Retrieval of Tree Height Percentiles over Rugged Mountain Areas via Target Response Waveform of Satellite Lidar
The retrieval of tree height percentiles from satellite lidar waveforms observed over mountainous areas is greatly challenging due to the broadening and overlapping of the ground return and vegetation return. To accurately represent the shape distributions of the vegetation and ground returns, the target response waveform (TRW) is resolved using a Richardson–Lucy deconvolution algorithm with adaptive iteration. Meanwhile, the ground return is identified as the TRW component within a 4.6 m ground signal extent above the end point of the TRW. Based on the cumulative TRW distribution, the height metrics of the energy percentiles of 25%, 50%, 75%, and 95% are determined using their vertical distances relative to the ground elevation in this study.
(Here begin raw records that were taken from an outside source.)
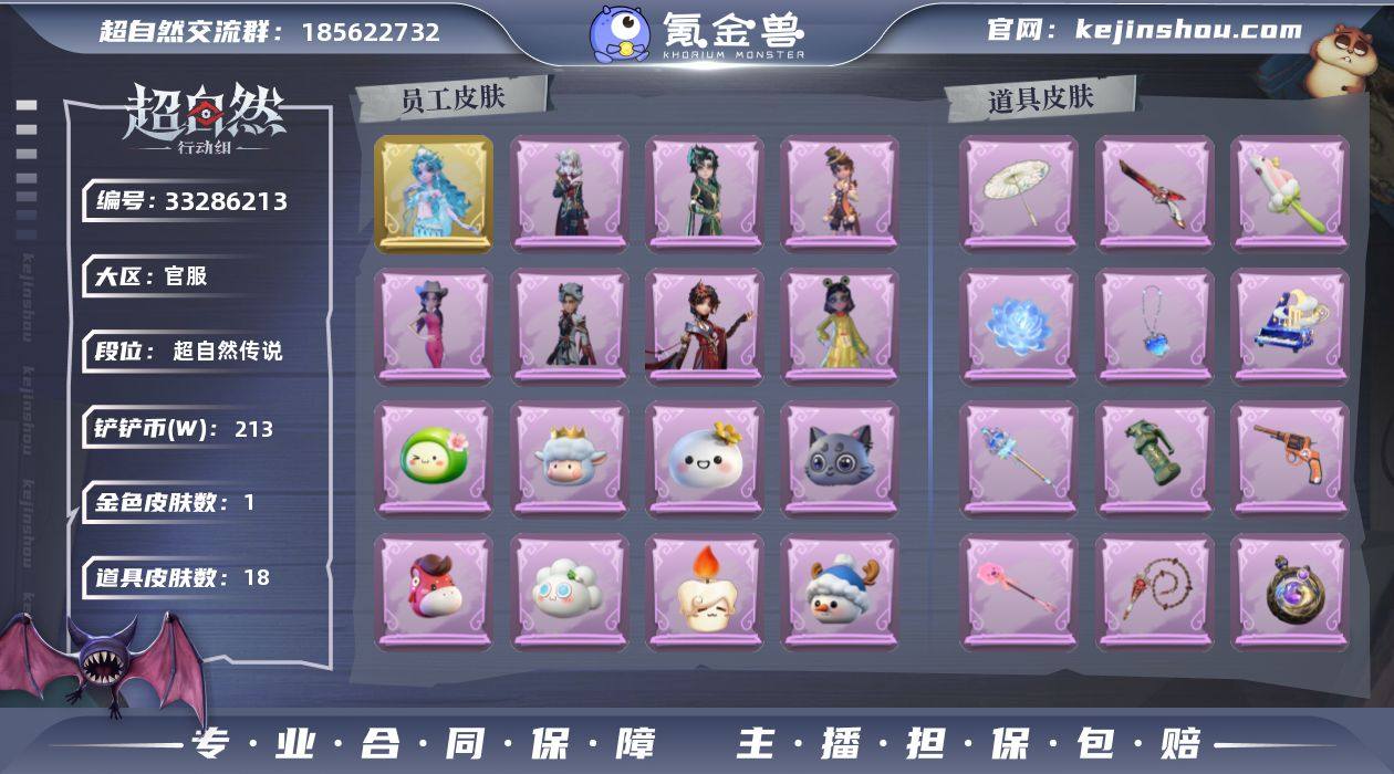 金皮1;紫皮7;道具皮18;皮肤:薇薇安-海月息潮,小黄-呱呱雨衣,阿念-庆宴绮愿,爱丽丝-耀眼的你,薇薇安-仙锋小姐,艾伦-黎明猎手,零-磨砺成锋,爱德华-梵卓之礼;道具:腰包-红运福虎,摸金符-海洋之心,伞-郁金春信,除颤仪-冰晶般的代价,专业手电-星寂,音响-月光奏鸣曲,转轮手枪-新星时代,铲子-赞萌波板糖,刺刀-美鲨匕首,喷气背包-乘风溯雪,长鞭-缚誓之锁,闪光弹-金戈玄铜,短管猎枪-安魂曲,电击枪-权杖的许诺,荧光棒-花火-荧光棒-花火,音响-鸣沙鼓,传送按钮-逆时审判,急救包-蔷薇物语;美妆:美妆-听潮祝福;饰品:头饰-蒜了八,头饰-烈焰红唇头套,头饰-鱼头怪头套,头饰-萨卡班甲鱼头套,头饰-卑微头套,头饰-太空鲨头套,头饰-面具马头套,头饰-烛光纪念,头饰-哈士奇头套,头饰-青团糯糯,头饰-饺饺者头套,头饰-火爆了头套,头饰-惊魂南瓜头套,头饰-嘻嘻头套,头饰-雪墩墩头套,头饰-樱桃奶油布丁,头饰-滑稽头套,头饰-大葱明头套,头饰-芝麻糊汤圆,头饰-马上有钱,头饰-煤球喵头套,头饰-小羊的王子梦,头饰-呆滞头套,头饰-像素朋克墨镜,头饰-后室幸存者头套,挂饰-糖果守卫,挂饰-桂冠聆诗,挂饰-春信香囊,挂饰-钗头凤,挂饰-孤独对望,挂饰-不朽的今夜,挂饰-晚安小熊,背饰-牛啤背包,背饰-夜浮船,...
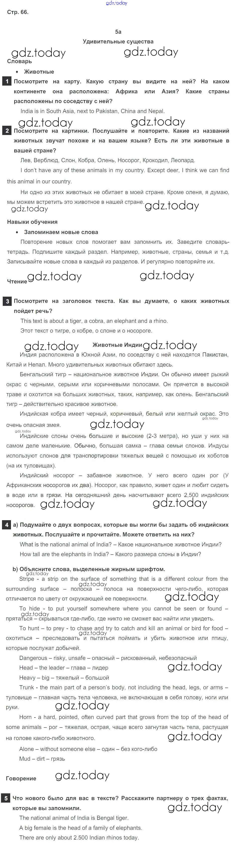 Ответы к Решение к Module 5. World animals стр. 66 Учебнику по Английскому языку для 5 класса Ваулина, Дули Просвещение Spotlight 2015
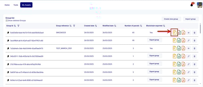 Click on the ZIP file icon next to the group to download all individual traceability reports in one ZIP file.
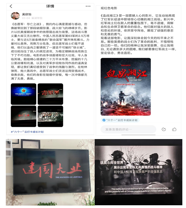 观影润心,汲取精神力量。同学们在假期中,通过观看红色电影,不仅表达对先辈们爱国爱家的崇高敬意,也通过观影过程和分享观影心得,在光影中追忆红色历史,在传承中弘扬伟大精神。
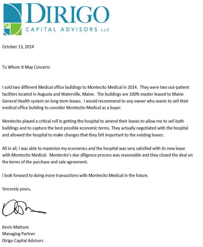 Any owner considering selling their medical offices would be fortunate to have Montecito Medical as a buyer. We valued Montecito’s reasonable due diligence process, and that they closed the deal on the terms of the purchase and sale agreement.
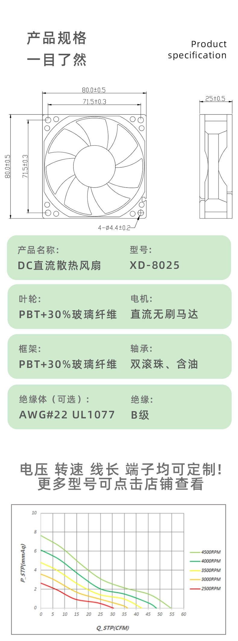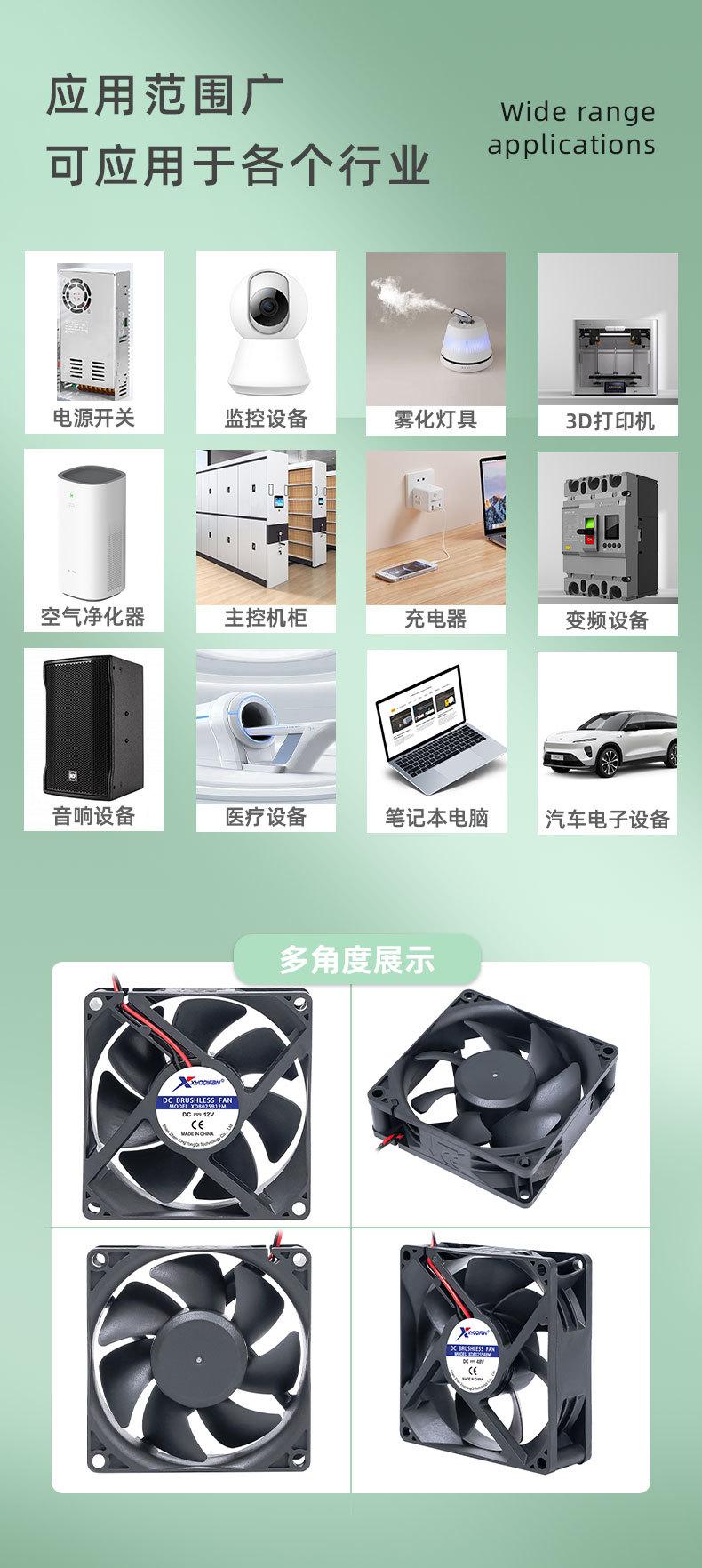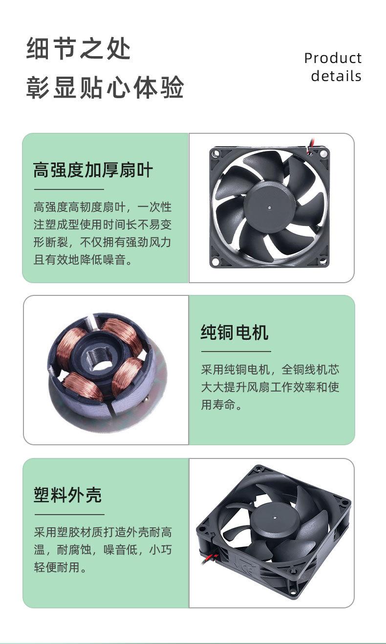 Suministro Directo de Fábrica 8025 Ventilador de Refrigeración Doble Bola 12V24V Chasis Inversor Ventilador Doble Bola CC

To validate the proposed algorithm, we select the received waveforms of the Global Ecosystem Dynamics Investigation (GEDI) lidar over the Pahvant Mountains of central Utah, USA. The results reveal that the resolved TRWs closely resemble the actual target response waveforms from the coincident airborne lidar data, with the mean values of the coefficient of correlation, total bias, and root-mean-square error (RMSE) taking values of 0.92, 0.0813, and 0.0016, respectively. In addition, the accuracies of the derived height percentiles from the proposed algorithm are greatly improved compared with the conventional Gaussian decomposition method and the slope-adaptive waveform metrics method. The mean bias and RMSE values decrease by the mean values of 1.68 m and 2.32 m and 1.96 m and 2.72 m, respectively. This demonstrates that the proposed algorithm can eliminate the broadening and overlapping of the ground return and vegetation return and presents good potential in the extraction of forest structure parameters over rugged mountainous areas.